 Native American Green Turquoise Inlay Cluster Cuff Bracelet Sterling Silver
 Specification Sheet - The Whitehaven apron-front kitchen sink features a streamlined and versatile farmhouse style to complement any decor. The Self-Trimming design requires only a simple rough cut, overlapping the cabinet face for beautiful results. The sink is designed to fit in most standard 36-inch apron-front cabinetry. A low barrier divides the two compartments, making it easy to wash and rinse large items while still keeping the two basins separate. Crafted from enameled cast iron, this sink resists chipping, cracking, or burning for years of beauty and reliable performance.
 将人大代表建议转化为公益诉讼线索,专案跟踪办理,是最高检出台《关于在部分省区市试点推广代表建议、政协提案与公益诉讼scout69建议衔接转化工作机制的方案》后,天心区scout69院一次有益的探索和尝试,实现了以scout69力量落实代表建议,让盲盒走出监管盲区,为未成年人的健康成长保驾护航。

=====

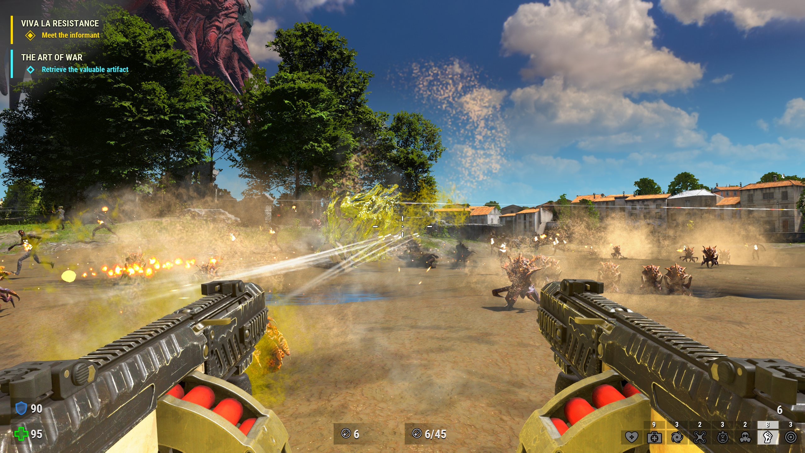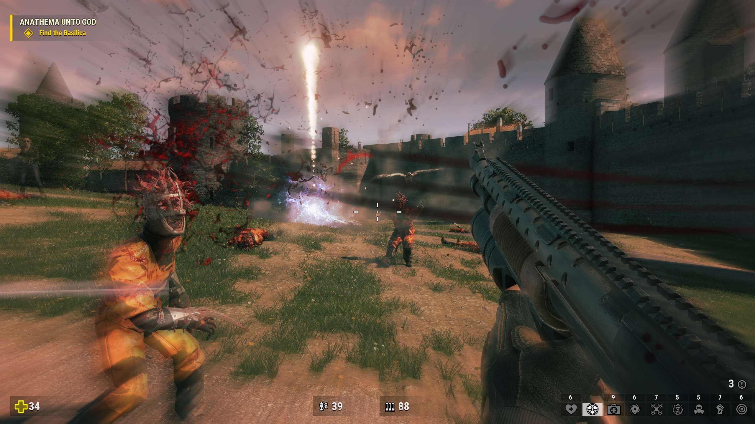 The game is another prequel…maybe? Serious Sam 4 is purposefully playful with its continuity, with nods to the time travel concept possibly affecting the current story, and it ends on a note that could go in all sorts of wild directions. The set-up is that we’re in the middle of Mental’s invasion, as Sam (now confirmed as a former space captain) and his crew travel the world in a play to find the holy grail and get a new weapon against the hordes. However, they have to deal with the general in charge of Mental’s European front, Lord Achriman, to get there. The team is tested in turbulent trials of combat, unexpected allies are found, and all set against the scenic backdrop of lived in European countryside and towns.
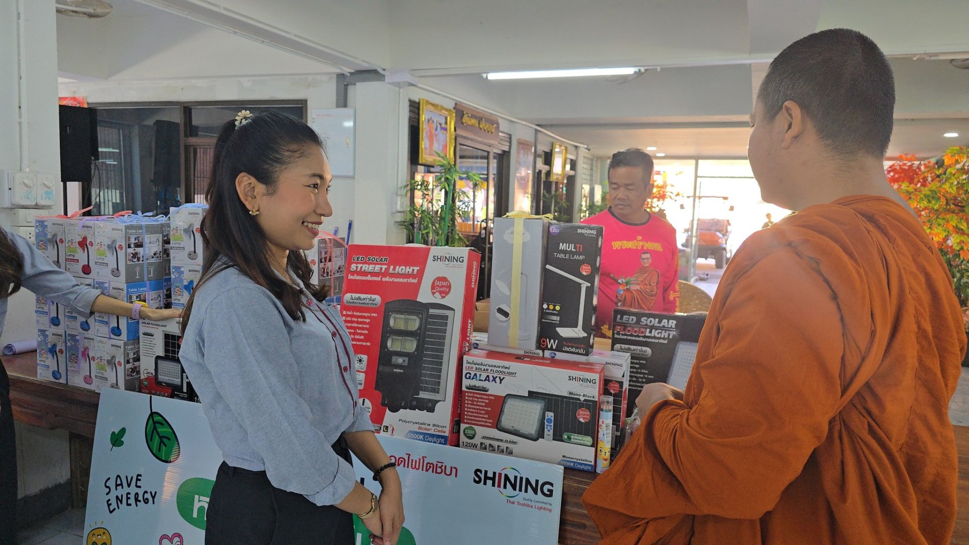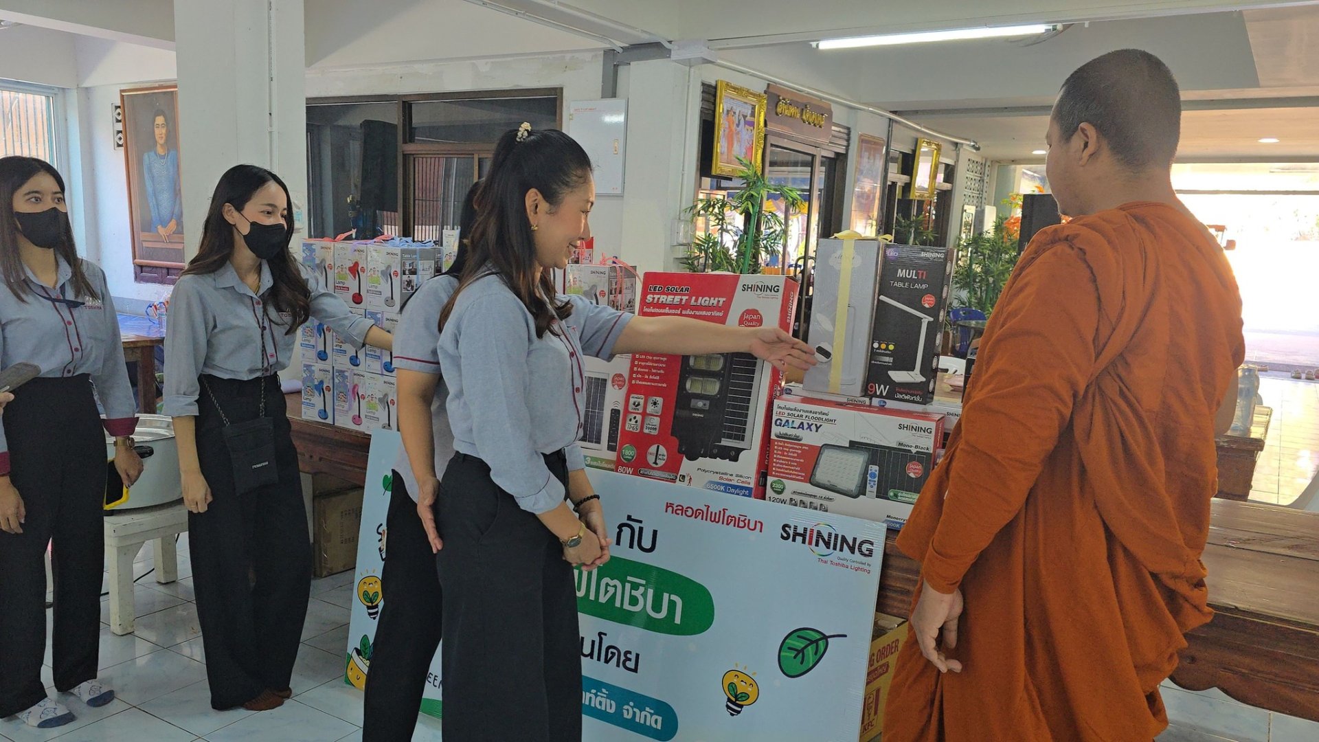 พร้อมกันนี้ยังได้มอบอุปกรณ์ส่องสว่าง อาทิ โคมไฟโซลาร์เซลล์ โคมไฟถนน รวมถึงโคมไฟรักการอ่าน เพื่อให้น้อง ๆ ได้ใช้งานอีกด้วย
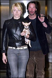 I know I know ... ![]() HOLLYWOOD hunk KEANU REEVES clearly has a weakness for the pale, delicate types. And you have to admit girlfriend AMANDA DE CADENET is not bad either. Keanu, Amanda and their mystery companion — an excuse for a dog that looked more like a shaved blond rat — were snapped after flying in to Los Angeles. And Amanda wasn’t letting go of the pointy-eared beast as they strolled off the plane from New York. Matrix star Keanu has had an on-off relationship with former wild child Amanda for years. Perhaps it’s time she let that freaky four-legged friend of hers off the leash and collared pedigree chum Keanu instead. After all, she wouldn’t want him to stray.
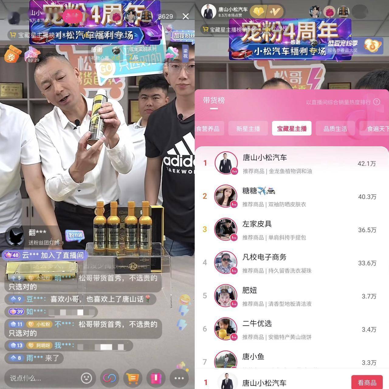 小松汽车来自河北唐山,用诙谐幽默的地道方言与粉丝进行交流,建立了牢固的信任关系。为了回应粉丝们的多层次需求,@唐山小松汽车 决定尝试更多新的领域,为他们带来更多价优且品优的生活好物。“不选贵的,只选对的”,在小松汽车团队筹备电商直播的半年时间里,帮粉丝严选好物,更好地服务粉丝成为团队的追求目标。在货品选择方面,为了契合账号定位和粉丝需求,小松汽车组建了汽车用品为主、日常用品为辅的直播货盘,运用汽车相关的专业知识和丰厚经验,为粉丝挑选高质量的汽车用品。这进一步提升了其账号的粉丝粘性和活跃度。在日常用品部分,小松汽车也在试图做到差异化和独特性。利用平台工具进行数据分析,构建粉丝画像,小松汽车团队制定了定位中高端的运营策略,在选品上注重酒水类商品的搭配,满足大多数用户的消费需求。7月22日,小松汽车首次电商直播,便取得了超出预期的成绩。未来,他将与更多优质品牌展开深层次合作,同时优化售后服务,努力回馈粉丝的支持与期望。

=====

▶ [What to produce]: Lines from the one above containing "พร้อมกันนี้ยังได้มอบอุปกรณ์ส่องสว่าง อาทิ โคมไฟโซลาร์เซลล์" down to the one containing "I know I know" should be transcribed exactly, with both ends kept and no pictures.

▶ [Solution for this exercise]:
 พร้อมกันนี้ยังได้มอบอุปกรณ์ส่องสว่าง อาทิ โคมไฟโซลาร์เซลล์ โคมไฟถนน รวมถึงโคมไฟรักการอ่าน เพื่อให้น้อง ๆ ได้ใช้งานอีกด้วย
 I know I know ... ![]() HOLLYWOOD hunk KEANU REEVES clearly has a weakness for the pale, delicate types. And you have to admit girlfriend AMANDA DE CADENET is not bad either. Keanu, Amanda and their mystery companion — an excuse for a dog that looked more like a shaved blond rat — were snapped after flying in to Los Angeles. And Amanda wasn’t letting go of the pointy-eared beast as they strolled off the plane from New York. Matrix star Keanu has had an on-off relationship with former wild child Amanda for years. Perhaps it’s time she let that freaky four-legged friend of hers off the leash and collared pedigree chum Keanu instead. After all, she wouldn’t want him to stray.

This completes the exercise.